I woke up this morning with an urge for, not my regular espresso (MacBeans and Square mile in the house), not drip or cafetière from fresh beans (also in the house), but supermarket coffee. Various friends and family who know me well have expressed concern, felt my forehead for fever, etc. But I am greatly enjoying my disposable-filter cup of Rombouts #5.


----------



## BanishInstant (Oct 12, 2009)

Definitely something wrong fella - check yourself in for rehab


----------



## sandykt (Dec 3, 2009)

Oh dear


----------



## Glenn (Jun 14, 2008)

The Rombouts staff that I have met are very passionate about their coffee.

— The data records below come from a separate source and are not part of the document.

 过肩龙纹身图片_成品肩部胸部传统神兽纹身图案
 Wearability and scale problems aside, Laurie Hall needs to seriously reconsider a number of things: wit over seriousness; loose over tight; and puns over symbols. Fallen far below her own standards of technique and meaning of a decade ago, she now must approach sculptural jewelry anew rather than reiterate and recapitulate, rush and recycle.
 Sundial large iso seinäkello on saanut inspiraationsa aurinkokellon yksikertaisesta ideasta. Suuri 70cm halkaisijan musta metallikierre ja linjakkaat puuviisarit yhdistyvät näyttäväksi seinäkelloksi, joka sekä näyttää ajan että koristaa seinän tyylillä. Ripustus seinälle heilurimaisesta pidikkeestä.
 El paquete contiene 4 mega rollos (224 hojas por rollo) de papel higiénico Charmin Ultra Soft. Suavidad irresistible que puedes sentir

They occasionally pop by Coffee Forums and and sure will be delighted to see your endorsement.


----------



## LeeWardle (Nov 16, 2008)

At least you're not hankering after an instant!


----------



## Monkey_Boy (Feb 26, 2010)

I seem rely on costa beans as my neutral before selecting a new bean.....its just nice...lol


----------



## LeeWardle (Nov 16, 2008)

Is that Sandy talking?


----------



## BanishInstant (Oct 12, 2009)

The rise of the Costa Club - resistance is futile


----------



## sandykt (Dec 3, 2009)

Don't knock it until you tried it!! I keep returning to Costa beans - they are really nice. Honest.


----------



## ChiarasDad (Mar 21, 2010)

The post didn't come yesterday and I'm all out of espresso! Well, that's not quite true: I could make a shot from the Tanzania 'Footprint' peaberry that I've been using for my wife's cafetière, but IMO these beans don't have the kind of flavour profile I'd enjoy as a single-origin espresso.

As moka pot, though . . .

So instead of espresso, this morning I'm enjoying a rich, very dark, thoroughly evil (in a good way) moka pot brew, with a half teaspoon of Demerara sugar to sweeten it just a bit. Delicious. Haven't done a moka pot in quite some time.

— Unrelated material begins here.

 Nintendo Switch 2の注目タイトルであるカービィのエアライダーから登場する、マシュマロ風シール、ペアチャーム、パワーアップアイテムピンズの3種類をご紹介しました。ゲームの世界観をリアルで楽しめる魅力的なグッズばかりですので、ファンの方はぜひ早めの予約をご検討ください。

I'll bet this coffee would make an exceptional Turkish too. I hope I can hunt down my ibrik while I still have some of it left.


----------



## Glenn (Jun 14, 2008)

Did you see the SCAE Cezve Ibrik competition? T'was truly mad. What a great event, loads of crowd participation, flair and passion for this drink type.

I had the pleasure of meeting the current Ibrik World Champion at her cafe just prior to Caffe Culture a few weeks ago. A lovely lady, and really knows her Turkish coffee.


----------



## ChiarasDad (Mar 21, 2010)

Unfortunately I completely missed the ibrik event. I was only at SCAE on Friday, and I think it was the day before, wasn't it? I regret missing it, as I have never seen it brewed by someone skilled and I would love to have someone to learn from. (The Turkish I had at the Mambocino booth was not too dissimilar to what I make, so I think I'm 'in the ballpark' but theirs was machine-made and I'd still like to watch it done properly.)


----------



## Glenn (Jun 14, 2008)

Ah, you went to the right place. Aysin runs Mambocino in Twickenham, and won the event


----------



## ChiarasDad (Mar 21, 2010)

Yesterday I got over to my storage locker and found one of my ibriks -- not the nicest one, but fit for purpose. This morning I confirmed for myself what I'd often read, that my Zassenhaus can indeed grind Turkish-fine, and had a very nice coffee.

One thing I hadn't taken into account was that the dosage I've used in the past was for pre-ground Turkish -- well-sealed until use, but pretty firmly packed down in the bag. The difference between measuring sifted flour and packed flour. So by using the same volume of my nice fluffy freshly-ground beans I wound up with a weaker than expected cup. Will adjust suitably next time. But still: tasty!


----------